ABSTRACT. We introduce an extension of Strategy logic for the imperfect-information setting, called SLii, and study its model-checking problem. As this logic naturally captures multi-player games with imperfect information, the problem turns out to be undecidable. We introduce a syntactical class of "hierarchical instances" for which, intuitively, as one goes down the syntactic tree of the formula, strategy quantifications are concerned with finer observations of the model. We prove that model-checking SLii restricted to hierarchical instances is decidable. This result, because it allows for complex patterns of existential and universal quantification on strategies, greatly generalises previous ones, such as decidability of multi-player games with imperfect information and hierarchical observations, and decidability of distributed synthesis for hierarchical systems.

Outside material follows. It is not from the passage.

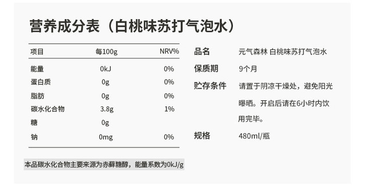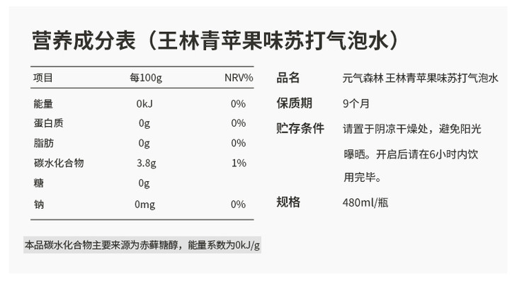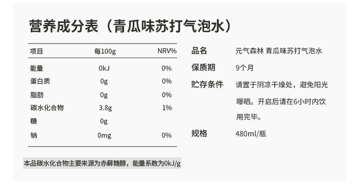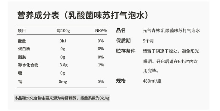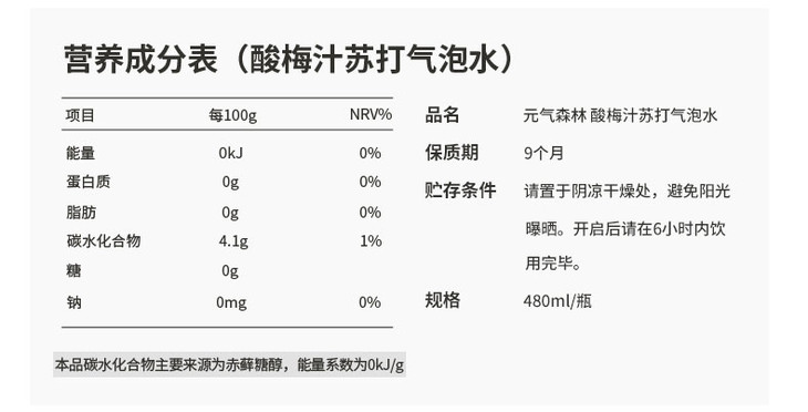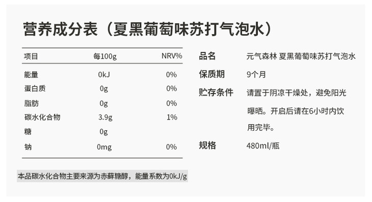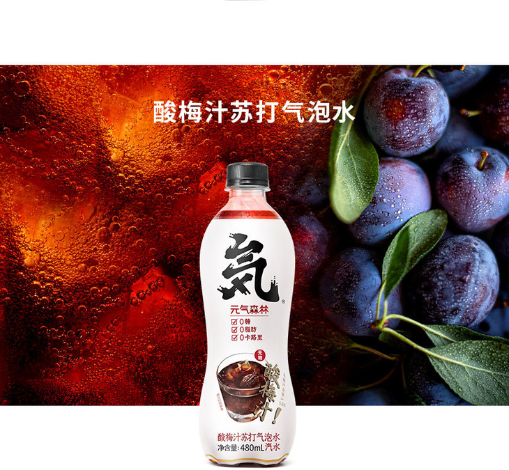 480ml元気森林夏黑葡萄味苏打汽水

Dependences in Strategy Logic

ABSTRACT. Strategy Logic (SL) is a very expressive temporal logic for specifying and verifying properties of multi-agent systems: in SL, one can quantify over strategies, assign them to agents, and express LTL properties of the resulting plays. Such a powerful framework has two drawbacks: first, model checking SL has non-elementary complexity; second, the exact semantics of SL is rather intricate, and may not correspond to what is expected. In this paper, we focus on strategy dependences in SL, by tracking how existentially-quantified strategies in a formula may (or may not) depend on other strategies selected in the formula, revisiting the approach of [Mogavero et al., Reasoning about strategies: On the model-checking problem, 2014]. We explain why elementary dependences, as defined by Mogavero et al., do not exactly capture the intended concept of behavioral strategies. We address this discrepancy by introducing timeline dependences, and exhibit a large fragment of SL for which model checking can be performed in 2EXPTIME under this new semantics.